Answer:
A mixture of blue & red light.
Explanation:
During photosynthesis, the oxygen delivered emanates from water particles and if a weighty isotope of oxygen atom was noticed in delivered sub-atomic oxygen, the water atoms were marked with the hefty isotope.
In order to maximize the growth rate of the plant, the required wavelength of light to be used is a mixture of blue & red light. This is on the grounds that as the absorption optima of plant's photoreceptors are at wavelength frequency of red and blue light, subsequently the combination of red and blue light would be ideal for plant growth and development.
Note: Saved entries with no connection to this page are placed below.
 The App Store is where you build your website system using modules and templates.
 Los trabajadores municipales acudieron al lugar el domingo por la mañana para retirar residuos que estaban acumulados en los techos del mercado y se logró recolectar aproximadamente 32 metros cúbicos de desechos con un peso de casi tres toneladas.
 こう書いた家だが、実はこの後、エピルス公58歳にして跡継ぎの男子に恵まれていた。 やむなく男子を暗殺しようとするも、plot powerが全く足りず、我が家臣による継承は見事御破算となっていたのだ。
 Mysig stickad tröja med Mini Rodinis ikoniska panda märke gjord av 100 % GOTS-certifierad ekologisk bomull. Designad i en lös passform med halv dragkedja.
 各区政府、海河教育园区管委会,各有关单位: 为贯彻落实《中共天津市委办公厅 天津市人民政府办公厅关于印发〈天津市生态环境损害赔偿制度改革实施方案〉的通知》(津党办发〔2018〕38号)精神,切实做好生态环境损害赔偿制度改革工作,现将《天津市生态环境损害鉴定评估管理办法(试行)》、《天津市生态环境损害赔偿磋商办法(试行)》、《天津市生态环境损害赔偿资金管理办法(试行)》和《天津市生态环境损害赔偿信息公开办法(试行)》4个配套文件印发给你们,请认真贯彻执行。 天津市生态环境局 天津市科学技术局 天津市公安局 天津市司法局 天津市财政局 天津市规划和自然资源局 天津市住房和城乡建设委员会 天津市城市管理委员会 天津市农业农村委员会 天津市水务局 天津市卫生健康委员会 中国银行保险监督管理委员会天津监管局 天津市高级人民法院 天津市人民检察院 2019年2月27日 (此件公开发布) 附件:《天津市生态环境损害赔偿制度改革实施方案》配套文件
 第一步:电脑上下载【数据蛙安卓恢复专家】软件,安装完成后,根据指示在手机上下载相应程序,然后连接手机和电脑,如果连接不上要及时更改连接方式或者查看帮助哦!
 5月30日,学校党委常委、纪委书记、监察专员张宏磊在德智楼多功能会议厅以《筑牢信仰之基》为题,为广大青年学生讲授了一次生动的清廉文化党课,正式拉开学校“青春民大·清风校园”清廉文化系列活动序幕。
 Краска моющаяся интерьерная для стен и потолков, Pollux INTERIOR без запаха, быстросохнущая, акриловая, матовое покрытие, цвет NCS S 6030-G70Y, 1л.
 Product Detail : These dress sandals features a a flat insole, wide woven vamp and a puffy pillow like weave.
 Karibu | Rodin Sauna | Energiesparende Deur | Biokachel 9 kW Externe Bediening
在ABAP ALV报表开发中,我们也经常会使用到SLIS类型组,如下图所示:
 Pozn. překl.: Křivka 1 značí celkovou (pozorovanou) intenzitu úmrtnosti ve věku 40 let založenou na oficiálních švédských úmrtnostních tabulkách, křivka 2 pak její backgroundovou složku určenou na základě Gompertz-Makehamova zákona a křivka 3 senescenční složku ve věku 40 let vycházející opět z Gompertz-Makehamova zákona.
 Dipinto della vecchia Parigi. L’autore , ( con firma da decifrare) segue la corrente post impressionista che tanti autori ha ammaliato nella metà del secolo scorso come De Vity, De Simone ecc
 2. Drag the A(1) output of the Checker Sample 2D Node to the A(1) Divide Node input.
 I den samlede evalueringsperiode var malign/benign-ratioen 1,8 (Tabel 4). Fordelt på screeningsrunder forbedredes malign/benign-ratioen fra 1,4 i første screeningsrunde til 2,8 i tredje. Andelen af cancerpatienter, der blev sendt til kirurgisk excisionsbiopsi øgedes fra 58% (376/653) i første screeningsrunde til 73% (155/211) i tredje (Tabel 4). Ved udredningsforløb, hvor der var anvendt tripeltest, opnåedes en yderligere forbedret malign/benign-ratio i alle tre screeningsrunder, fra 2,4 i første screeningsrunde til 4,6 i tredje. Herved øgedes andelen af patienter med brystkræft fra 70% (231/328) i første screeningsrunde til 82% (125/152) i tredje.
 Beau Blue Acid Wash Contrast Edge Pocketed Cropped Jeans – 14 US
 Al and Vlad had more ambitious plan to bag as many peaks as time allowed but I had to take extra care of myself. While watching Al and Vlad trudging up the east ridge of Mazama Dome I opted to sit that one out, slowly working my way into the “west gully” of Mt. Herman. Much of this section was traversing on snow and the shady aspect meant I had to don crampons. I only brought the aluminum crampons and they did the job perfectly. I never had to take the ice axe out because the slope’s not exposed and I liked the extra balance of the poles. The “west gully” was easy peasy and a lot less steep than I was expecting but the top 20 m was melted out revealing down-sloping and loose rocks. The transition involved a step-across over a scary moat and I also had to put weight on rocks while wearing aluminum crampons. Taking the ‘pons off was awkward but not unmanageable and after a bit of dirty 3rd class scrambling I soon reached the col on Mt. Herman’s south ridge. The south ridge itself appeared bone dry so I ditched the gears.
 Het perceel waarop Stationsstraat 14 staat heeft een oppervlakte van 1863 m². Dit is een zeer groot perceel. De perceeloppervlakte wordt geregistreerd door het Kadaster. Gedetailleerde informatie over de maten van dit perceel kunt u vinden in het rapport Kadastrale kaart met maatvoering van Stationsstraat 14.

The productivity of red (650–665 nm) LEDs on plant development is straightforward on the grounds that these wavelength frequencies entirely fit with the retention pinnacle of chlorophylls and phytochrome, while the enhanced blue light presented the possibility that development under regular light could be mirrored utilizing blue and red LEDs with negligible use of energy.
Answer:
Explanation: Mechanical advantage is a measure of the force amplification achieved by using a tool, mechanical device or machine system. The device preserves the input power and simply trades off forces against movement to obtain a desired amplification in the output force.
The three branches of science are life, earth, and physical science.
Life science deals with living organisms, so, biology is the most important of these sciences, although there are many.
Earth science deals with Planet Earth, studying its atmosphere, lithosphere, etc.
Physical science studies the inorganic world.
Answer:
E. Kepler's second law says the planet must move fastest when it is closest, not when it is farthest away.
Explanation:
We can answer this question by using Kepler's second law of planetary motion, which states that:
"A line connecting the center of the Sun with the center of each planet sweeps out equal areas in equal intervals of time"
This means that when a planet is further away from the Sun, it will move slower (because the line is longer, so it must move slower), while when the planet is closer to the Sun, it will move faster (because the line is shorter, so it must move faster).
In the text of this problem, it is written that the planet moves at 31 km/s when is close to the star and 35 km/s when it is farthest: this is in disagreement with what we said above, therefore the correct option is
E. Kepler's second law says the planet must move fastest when it is closest, not when it is farthest away.